• **Task description**
What you return must match the entries exactly, except that the pictures are gone.

*** Dataset content ***

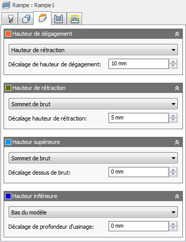 La hauteur de rétraction spécifie la hauteur qu'atteint l'outil avant la passe de coupe suivante. Elle doit être définie sur une valeur supérieure à celle des paramètres Hauteur d'avance et Haut. La hauteur de rétraction s'utilise conjointement avec le décalage ultérieur pour définir la hauteur.
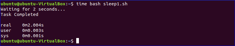 In the following script, sleep command is used with numeric value 2 only and no suffix is used. So, if you run the script then the string “Task completed” will print after waiting for 2 seconds.
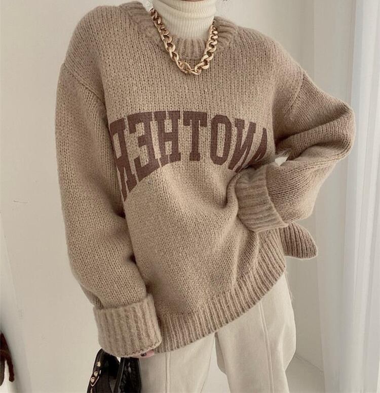 セーター レディース 送料無料 4色 長袖 ニット オーバーサイズ ロゴ ローゲージ もこもこ ボリューム ビッグシルエット トップス カジュアル ルーズ マルチカラ— 楽チン 体型カバー 足長 水色 オレンジ ホワイト ブラック 10代 20代 デート 通学 おしゃかわ アクティブ ゆるかわ 送料無料
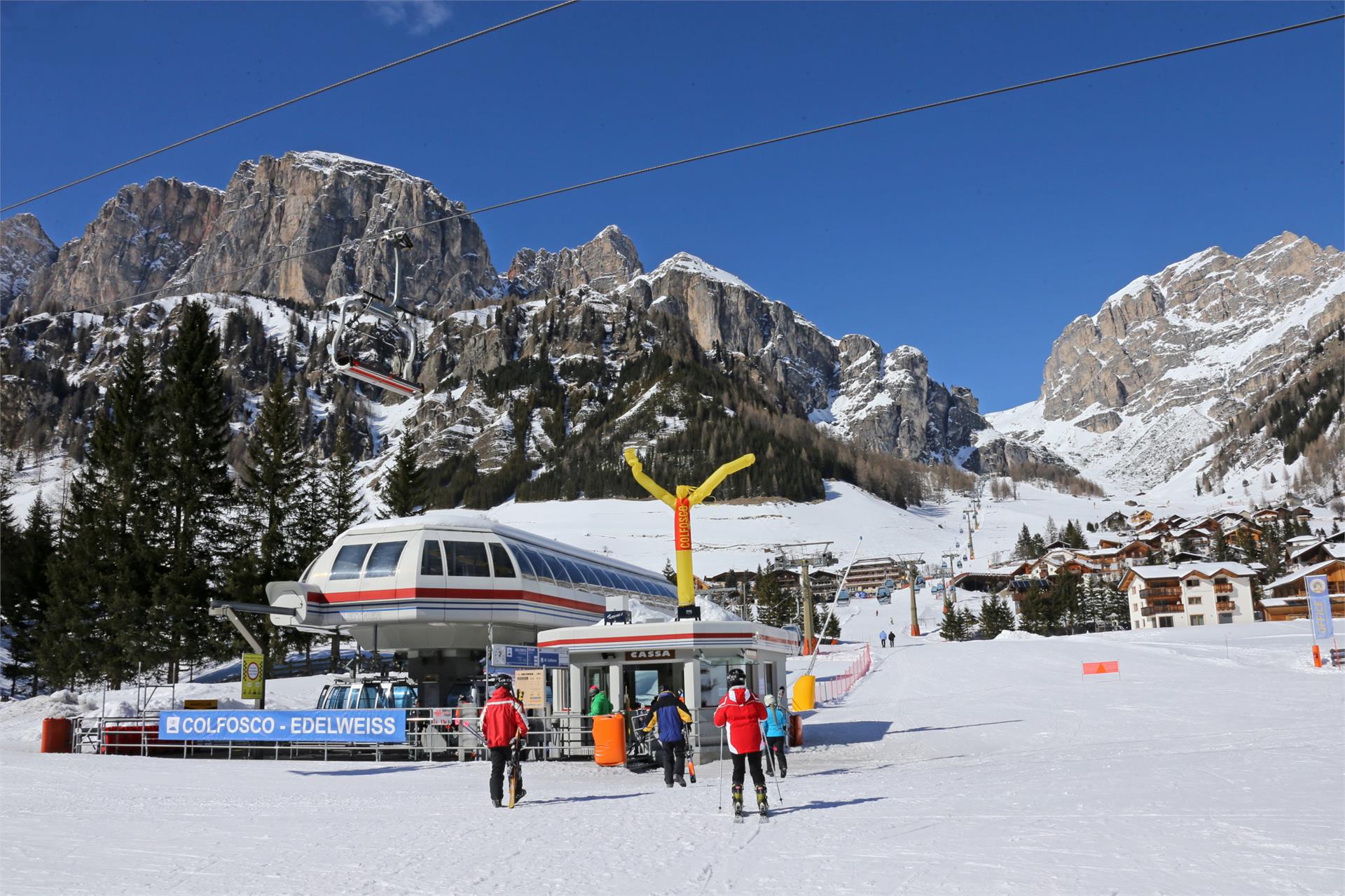 Die 8-Sitzer-Gondelbahn, die im sonnigen Edelweiß Tal in Colfosco abfährt, bedient mehrere Pisten, von diesen sind etliche für Anfänger besonders geeignet.
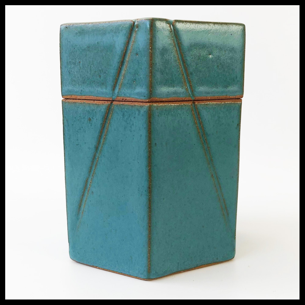 Henriëtte Syatauw (NL), zeskantige dekseldoos,uit platen klei steengoedklei opgebouwd, met ingekraste geometrische lijnen, fraaie turquoise semi matte glazuur, lijn accentuering in roest, hoogte 14 cm, diameter 9,5 cm, ingekraste signatuur, 1986. Dit object is door de eerste eigenaren aangekocht bij Galerie De Sluis te Leidschendam
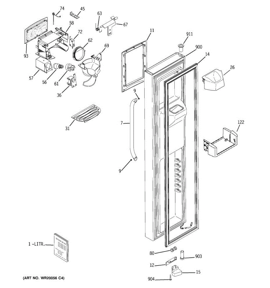 The Refrigerator Dispenser Arm Kit is an OEM component for GE French door refrigerator models. This kit contains the arm mechanism responsible for dispensing ice and water from the external dispenser tap. Proper functioning of the dispenser arm allows for effortless access to ice and water directly from the refrigerator door. Over time, cold temperatures, mineral deposits, and high usage can cause mechanical failure. Symptoms of a problematic refrigerator dispenser arm kit include:
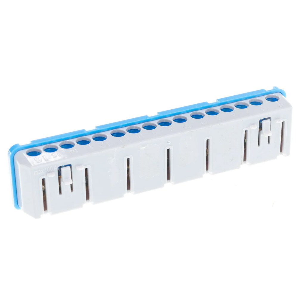 Клемный блок предназначен для коммутации жил проводов и кабелей, а также для соединения нулевого провода и провода заземления. Клеммные блоки выполнены в интуитивно понятных цветах: нейтраль (N) – синий, земля (PE) – зелёный.
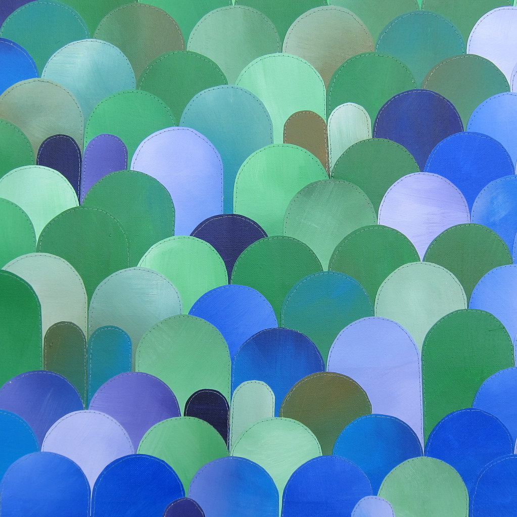 Compositie van aan elkaar genaaide stukjes beschilderd doek.
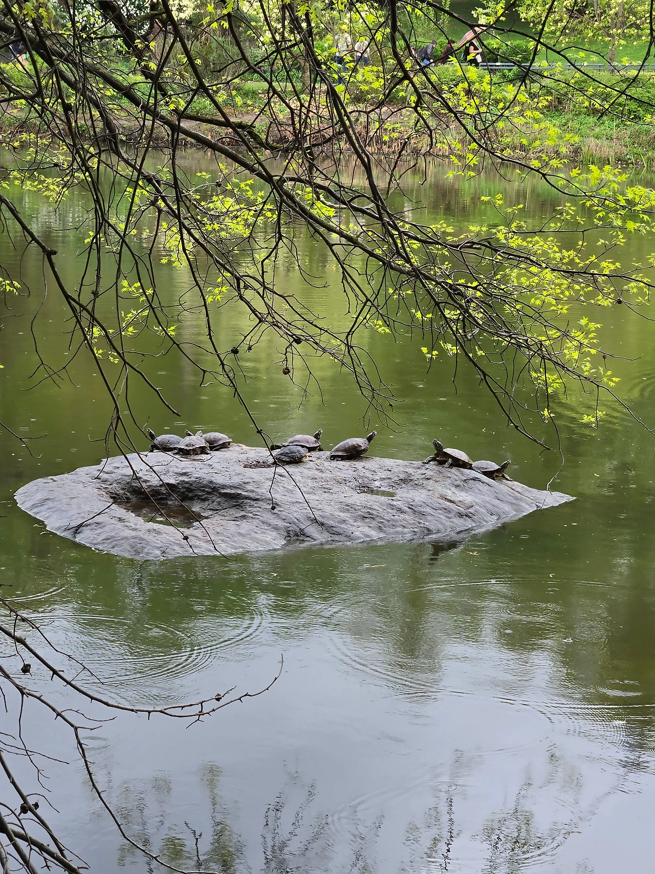 the lake의 외딴 바위섬에서 거북이들이 몸을 녹이고 있다. 봄날의 따스함이 저 놈들을 불러내었나 보다.
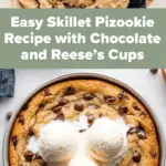 This delicious Pizookie recipe combines the rich, gooey texture of a cookie with the warm, comforting presentation of a skillet dessert. Perfectly baked to have a slightly gooey center and topped with a mix of chocolate chips and Reese’s cups, this dessert is best enjoyed warm with a scoop of vanilla ice cream and optional hot fudge topping for an indulgent treat.
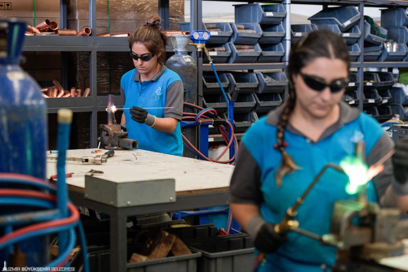 İzmir Büyükşehir Belediyesi, UNDP iş birliğiyle yürüttüğü Meslek Fabrikası programlarını sürdürüyor. Kadın ve gençlere yönelik istihdam projeleri devam edecek.
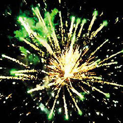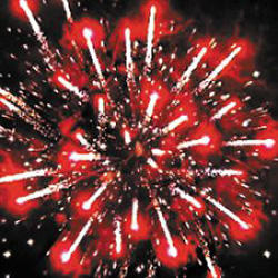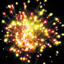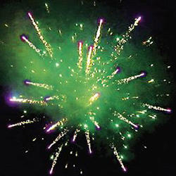 Желто-красная сфера (пион). Зеленые звезды с пышными хвостами (кокос) и белое мерцание. Фиолетовые звезды с пышными хвостами (кокос) и зеленое мерцание. Красочная концовка. ЗАЛП: Красные звезды с пышными хвостами (кокос) и треск.
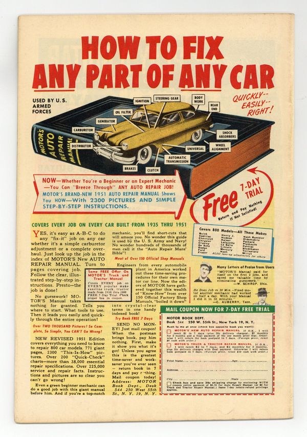 Starts Jan 19 Art by Joe Kubert and others. Cover by Gene Fawcette. Reprints Jesse James (1950 Avon) #1. True tales (some slightly embellished) of Old West outlaws, focusing on the James brothers and other real-life figures from history. The story of Jesse James is given a war-hero spin, as he fights for the Confederacy against the Union commander Redbeard Randolph, who humiliated his family. Joining the guerrilla band of Bloody Bill Anderson, he takes part in the Centralia Massacre before becoming a bandit and outlaw. Split-Second Stand In introduces Alabam, who becomes sheriff of Broken Creek after his family is murdered, with art by Joe Kubert. Bloody Bill Anderson; The Centralia Massacre; Split-Second Stand In!; The San Antonio Stage Robbery; The Great Plains Robbery! 32 pages, Full Color. Cover price $0.10.
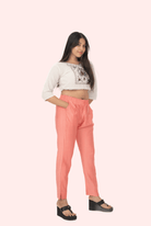 Inspired by the refined elegance of the 16 Sanskaras, the Peach Cotton Rayon Silk Pants from Fabrika16 blends luxurious texture with everyday comfort. Fashioned from a soft cotton-silk blend, these pants offer a gentle sheen and smooth drape, delivering a flattering fit that moves gracefully. The subtle peach tone adds a fresh, versatile charm, making them ideal for casual outings, semi-formal occasions, or layering with contemporary and ethnic ensembles.
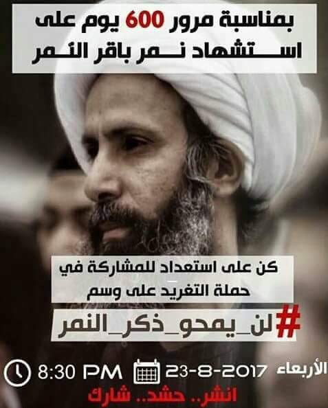 يستعد ناشطون سعوديون على موقع التواصل الاجتماعي "تويتر"، لإطلاق وسم يحمل عنوان " لن_يمحو_ذكر_النمر"، وذلك بمناسبة مرور 600 يوم على استشهاد عالم الدين السعودي آية الله الشيخ نمر باقر النمر. وتنطلق هذه الحملة اليوم الاربعاء 23-08-2017 في الساعة 8:30 عصرا بالتوقيت المحلي للسعودية، حيث دعا المغردون كافة الناشطين وحماة الشهيد النمر للاستعداد على المشاركة في حملة التغريد على وسم " لن يمحو ذكر النمر" في صفحات التواصل على موقع "تويتر". يذكر ان وزارة الداخلية السعودية اعلنت في كانون الثاني / يناير 2016، تنفيذ جريمة حكم الاعدام بحق آية الله الشيخ النمر و46 متهما آخرين بزعم تبني "أفكار متشددة" مما لاقى ادانة شديدة وواسعة من قبل منظمات حقوق الانسان. المصدر: قناة الغدير الفضائية
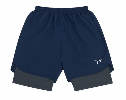 Navy Blue Hybrid Double-Layer Performance Shorts PSM-9843
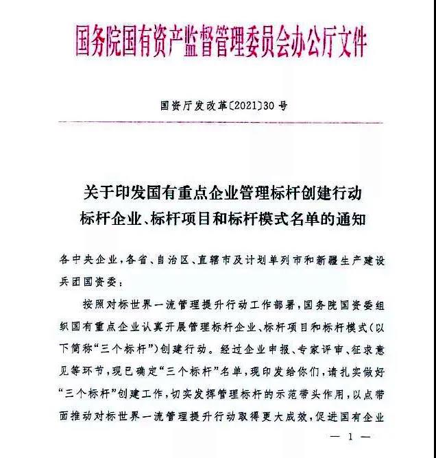 據悉,國務院國資委開展“三個標桿”創建行動,旨在推動對標世界一流管理提升行動取得更大成效,進一步發揮優秀企業示范帶動作用。本次標桿企業的遴選范圍是中央企業所屬企業、地方國有重點企業及所屬企業中經營狀況良好、管理成效突出、管理特點鮮明、管理信息化水平高的企業。
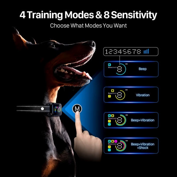 Long-lasting Battery Life: The collar comes with a 20-hour battery life, allowing you to enjoy uninterrupted use without needing to frequently recharge. This long-lasting power ensures that the collar remains effective during training sessions.
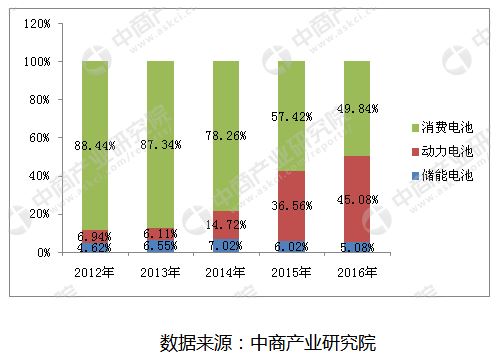 鋰離子電池具有能量密度高、循環(huán)壽命長、充放電性能好、使用電壓高、無記憶效應、污染較小和******性高等優(yōu)勢。鋰離子電池經(jīng)過多年的發(fā)展,工藝已經(jīng)趨于成熟,價格逐步下降,加上******政策助推,導致鋰離子電池在電池行業(yè)的市場份額持續(xù)提升。鋰離子電池的終端應用包括消費電池市場、動力電池市場及儲能電池市場。其中,消費電池市場是******的終端應用,2016年在鋰離子電池的終端應用中占到49.84%。動力電池市場是鋰離子電池的第二大終端應用,2016年在鋰離子電池終端應用中占比達到45.08%,是近年來增長***快的領域。

*** End of Dataset content ***

• **Exercise result**
 La hauteur de rétraction spécifie la hauteur qu'atteint l'outil avant la passe de coupe suivante. Elle doit être définie sur une valeur supérieure à celle des paramètres Hauteur d'avance et Haut. La hauteur de rétraction s'utilise conjointement avec le décalage ultérieur pour définir la hauteur.
 In the following script, sleep command is used with numeric value 2 only and no suffix is used. So, if you run the script then the string “Task completed” will print after waiting for 2 seconds.
 セーター レディース 送料無料 4色 長袖 ニット オーバーサイズ ロゴ ローゲージ もこもこ ボリューム ビッグシルエット トップス カジュアル ルーズ マルチカラ— 楽チン 体型カバー 足長 水色 オレンジ ホワイト ブラック 10代 20代 デート 通学 おしゃかわ アクティブ ゆるかわ 送料無料
 Die 8-Sitzer-Gondelbahn, die im sonnigen Edelweiß Tal in Colfosco abfährt, bedient mehrere Pisten, von diesen sind etliche für Anfänger besonders geeignet.
 Henriëtte Syatauw (NL), zeskantige dekseldoos,uit platen klei steengoedklei opgebouwd, met ingekraste geometrische lijnen, fraaie turquoise semi matte glazuur, lijn accentuering in roest, hoogte 14 cm, diameter 9,5 cm, ingekraste signatuur, 1986. Dit object is door de eerste eigenaren aangekocht bij Galerie De Sluis te Leidschendam
 The Refrigerator Dispenser Arm Kit is an OEM component for GE French door refrigerator models. This kit contains the arm mechanism responsible for dispensing ice and water from the external dispenser tap. Proper functioning of the dispenser arm allows for effortless access to ice and water directly from the refrigerator door. Over time, cold temperatures, mineral deposits, and high usage can cause mechanical failure. Symptoms of a problematic refrigerator dispenser arm kit include:
 Клемный блок предназначен для коммутации жил проводов и кабелей, а также для соединения нулевого провода и провода заземления. Клеммные блоки выполнены в интуитивно понятных цветах: нейтраль (N) – синий, земля (PE) – зелёный.
 Compositie van aan elkaar genaaide stukjes beschilderd doek.
 the lake의 외딴 바위섬에서 거북이들이 몸을 녹이고 있다. 봄날의 따스함이 저 놈들을 불러내었나 보다.
 This delicious Pizookie recipe combines the rich, gooey texture of a cookie with the warm, comforting presentation of a skillet dessert. Perfectly baked to have a slightly gooey center and topped with a mix of chocolate chips and Reese’s cups, this dessert is best enjoyed warm with a scoop of vanilla ice cream and optional hot fudge topping for an indulgent treat.
 İzmir Büyükşehir Belediyesi, UNDP iş birliğiyle yürüttüğü Meslek Fabrikası programlarını sürdürüyor. Kadın ve gençlere yönelik istihdam projeleri devam edecek.
 Желто-красная сфера (пион). Зеленые звезды с пышными хвостами (кокос) и белое мерцание. Фиолетовые звезды с пышными хвостами (кокос) и зеленое мерцание. Красочная концовка. ЗАЛП: Красные звезды с пышными хвостами (кокос) и треск.
 Starts Jan 19 Art by Joe Kubert and others. Cover by Gene Fawcette. Reprints Jesse James (1950 Avon) #1. True tales (some slightly embellished) of Old West outlaws, focusing on the James brothers and other real-life figures from history. The story of Jesse James is given a war-hero spin, as he fights for the Confederacy against the Union commander Redbeard Randolph, who humiliated his family. Joining the guerrilla band of Bloody Bill Anderson, he takes part in the Centralia Massacre before becoming a bandit and outlaw. Split-Second Stand In introduces Alabam, who becomes sheriff of Broken Creek after his family is murdered, with art by Joe Kubert. Bloody Bill Anderson; The Centralia Massacre; Split-Second Stand In!; The San Antonio Stage Robbery; The Great Plains Robbery! 32 pages, Full Color. Cover price $0.10.
 Inspired by the refined elegance of the 16 Sanskaras, the Peach Cotton Rayon Silk Pants from Fabrika16 blends luxurious texture with everyday comfort. Fashioned from a soft cotton-silk blend, these pants offer a gentle sheen and smooth drape, delivering a flattering fit that moves gracefully. The subtle peach tone adds a fresh, versatile charm, making them ideal for casual outings, semi-formal occasions, or layering with contemporary and ethnic ensembles.
 يستعد ناشطون سعوديون على موقع التواصل الاجتماعي "تويتر"، لإطلاق وسم يحمل عنوان " لن_يمحو_ذكر_النمر"، وذلك بمناسبة مرور 600 يوم على استشهاد عالم الدين السعودي آية الله الشيخ نمر باقر النمر. وتنطلق هذه الحملة اليوم الاربعاء 23-08-2017 في الساعة 8:30 عصرا بالتوقيت المحلي للسعودية، حيث دعا المغردون كافة الناشطين وحماة الشهيد النمر للاستعداد على المشاركة في حملة التغريد على وسم " لن يمحو ذكر النمر" في صفحات التواصل على موقع "تويتر". يذكر ان وزارة الداخلية السعودية اعلنت في كانون الثاني / يناير 2016، تنفيذ جريمة حكم الاعدام بحق آية الله الشيخ النمر و46 متهما آخرين بزعم تبني "أفكار متشددة" مما لاقى ادانة شديدة وواسعة من قبل منظمات حقوق الانسان. المصدر: قناة الغدير الفضائية
 Navy Blue Hybrid Double-Layer Performance Shorts PSM-9843
 據悉,國務院國資委開展“三個標桿”創建行動,旨在推動對標世界一流管理提升行動取得更大成效,進一步發揮優秀企業示范帶動作用。本次標桿企業的遴選范圍是中央企業所屬企業、地方國有重點企業及所屬企業中經營狀況良好、管理成效突出、管理特點鮮明、管理信息化水平高的企業。
 Long-lasting Battery Life: The collar comes with a 20-hour battery life, allowing you to enjoy uninterrupted use without needing to frequently recharge. This long-lasting power ensures that the collar remains effective during training sessions.
 鋰離子電池具有能量密度高、循環(huán)壽命長、充放電性能好、使用電壓高、無記憶效應、污染較小和******性高等優(yōu)勢。鋰離子電池經(jīng)過多年的發(fā)展,工藝已經(jīng)趨于成熟,價格逐步下降,加上******政策助推,導致鋰離子電池在電池行業(yè)的市場份額持續(xù)提升。鋰離子電池的終端應用包括消費電池市場、動力電池市場及儲能電池市場。其中,消費電池市場是******的終端應用,2016年在鋰離子電池的終端應用中占到49.84%。動力電池市場是鋰離子電池的第二大終端應用,2016年在鋰離子電池終端應用中占比達到45.08%,是近年來增長***快的領域。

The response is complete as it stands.